Migraine Aggravation Caused by Cephalic Venous Congestion


Address all correspondence to Dr. Florian Doepp, Department of Neurology, University Hospital Charité, Humboldt University, Schumannstraße 20/21, 10117 Berlin, Germany.


Background.—Cerebral venous distension is thought by some to serve as a source of migraine pain. Previous investigators have tried to modify pain intensity by induction of additional venous congestion via compression of both internal jugular veins (Queckenstedt's maneuver). The magnitude of blood flow within the internal jugular veins depends markedly on body position, and inconsistencies in positioning may have influenced their results.

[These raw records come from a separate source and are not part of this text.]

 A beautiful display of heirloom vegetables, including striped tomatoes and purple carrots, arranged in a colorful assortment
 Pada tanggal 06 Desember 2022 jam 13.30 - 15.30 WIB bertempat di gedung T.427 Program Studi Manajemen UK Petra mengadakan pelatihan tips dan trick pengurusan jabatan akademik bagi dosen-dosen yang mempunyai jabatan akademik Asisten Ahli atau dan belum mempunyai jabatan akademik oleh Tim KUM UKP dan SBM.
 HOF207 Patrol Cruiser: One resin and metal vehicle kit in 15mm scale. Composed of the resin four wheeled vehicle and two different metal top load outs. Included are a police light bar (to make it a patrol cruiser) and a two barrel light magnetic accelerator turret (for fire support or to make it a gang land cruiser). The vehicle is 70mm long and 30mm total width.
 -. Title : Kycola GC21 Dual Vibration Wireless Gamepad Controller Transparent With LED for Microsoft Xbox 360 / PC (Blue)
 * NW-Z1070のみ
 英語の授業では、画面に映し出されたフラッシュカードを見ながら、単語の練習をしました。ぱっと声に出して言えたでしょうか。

Objective.—To investigate the effect of Queckenstedt's maneuver, performed both in the upright and in the supine body position, in migraineurs during an acute attack.

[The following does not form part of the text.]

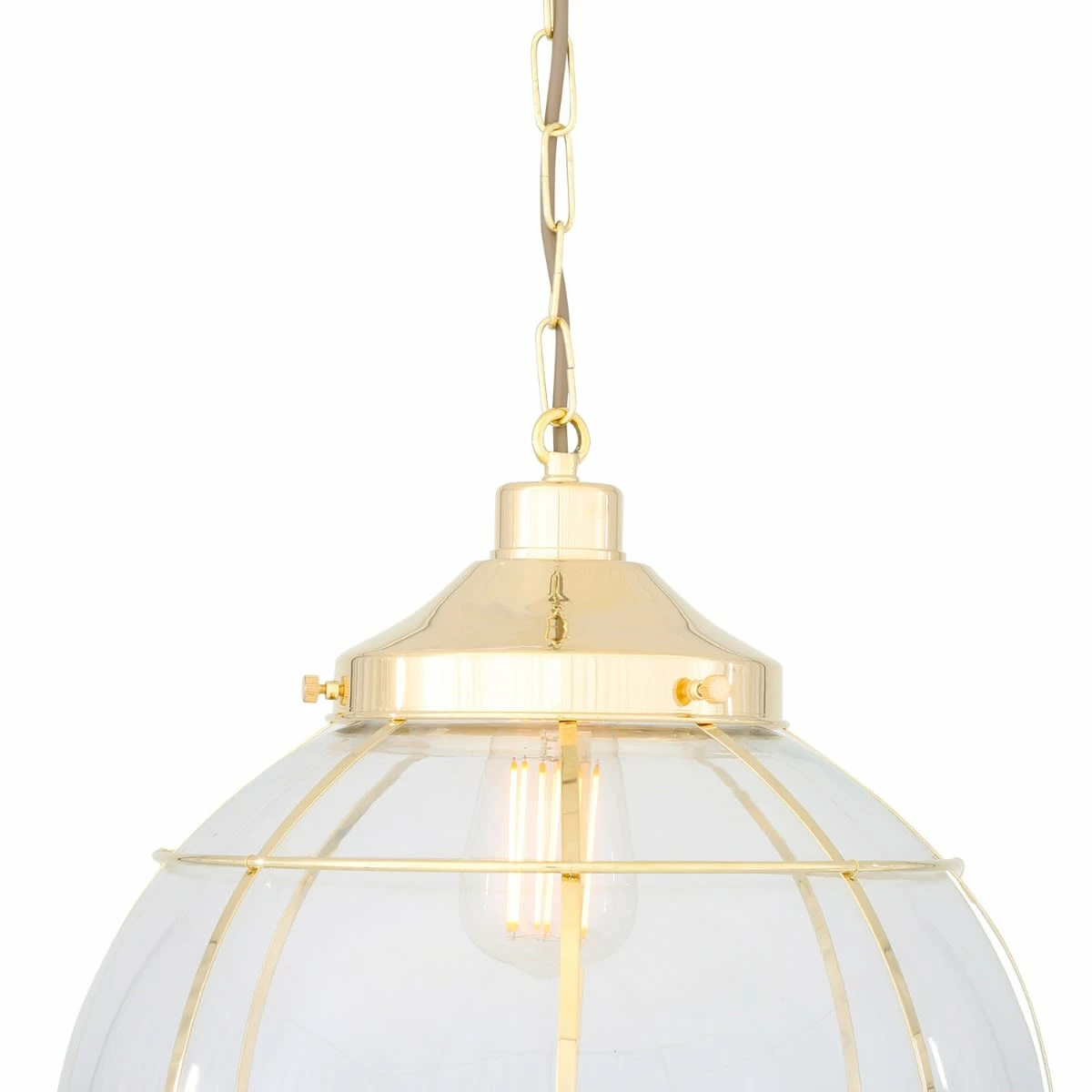 Available in two stylish colour finishes – natural brass or antique brass – this glass globe cage pendant can satisfy a variety of interior colour palettes.

Methods.—Twenty-five patients (18 women, 7 men; mean age  ±  SD, 35.4  ±  13.3 years) with International Headache Society-defined migraine without aura were evaluated. Queckenstedt's maneuver was performed in both body positions during an acute migraine attack, involving constant application of manual pressure to both internal jugular veins for 30 seconds. Headache intensity was rated before, during, and after Queckenstedt's maneuver on a scale extending from 1 (mild) to 10 (intolerable).

Results.—Seventeen patients (68%) reported an increase of headache intensity in the supine position during Queckenstedt's maneuver. In the sitting position, pain increase was observed only in 6 patients (24%). The magnitude of pain increase was significantly greater in the supine position compared to the upright position (P  =  .02).

Conclusions.—Our results support a role for cerebral venous congestion in the generation of migraine pain and suggest body position may influence the clinical expression of that process.